Его наблюдательность — мера познания Сущего.

Отведав из утлой котомки нехитрой провизии,

он будет смотреть, как дорога осилит идущего,

и будет свидетелем каждой дорожной коллизии.

Как выгодно быть в этом клане — Не Ищущих Выгоды,

как здорово просто сидеть и на солнышко щуриться,

поскольку давно уже сделаны главные выводы,

и только неясно, что раньше: яйцо или курица.

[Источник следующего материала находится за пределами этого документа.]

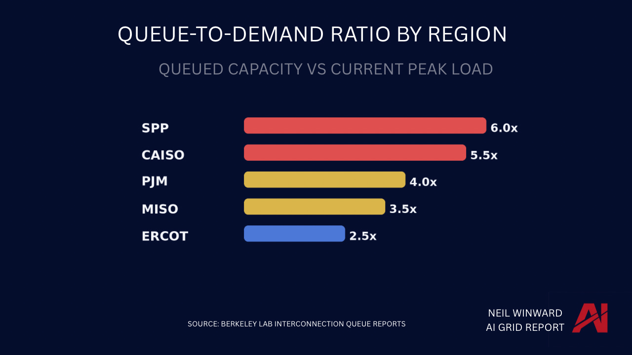 In several U.S. power markets, the volume of generation waiting in interconnection queues is multiple times larger than current peak demand. That doesn’t represent future capacity. It represents a filtering problem.

В глазах утомлённых — ростки непредвзятого Знания,

а мимо несутся спешащие, злые, охочие…

Удачи им всем! А ему — всё известно заранее.

Спокойная мудрость.

Усмешка.

Пикник на обочине.

Цапля

…а налево пойдёшь — потеряешь коня,

заработаешь СПИД, диабет и нефрит,

и не будет в дому твоём белого дня,

только смрад да обломки разбитых корыт.

А направо пойдёшь — потеряешь детей,

потеряешь жену, руку, ногу и слух,

а в награду получишь десяток плетей,

хоть тебе, чтоб издохнуть, достаточно двух.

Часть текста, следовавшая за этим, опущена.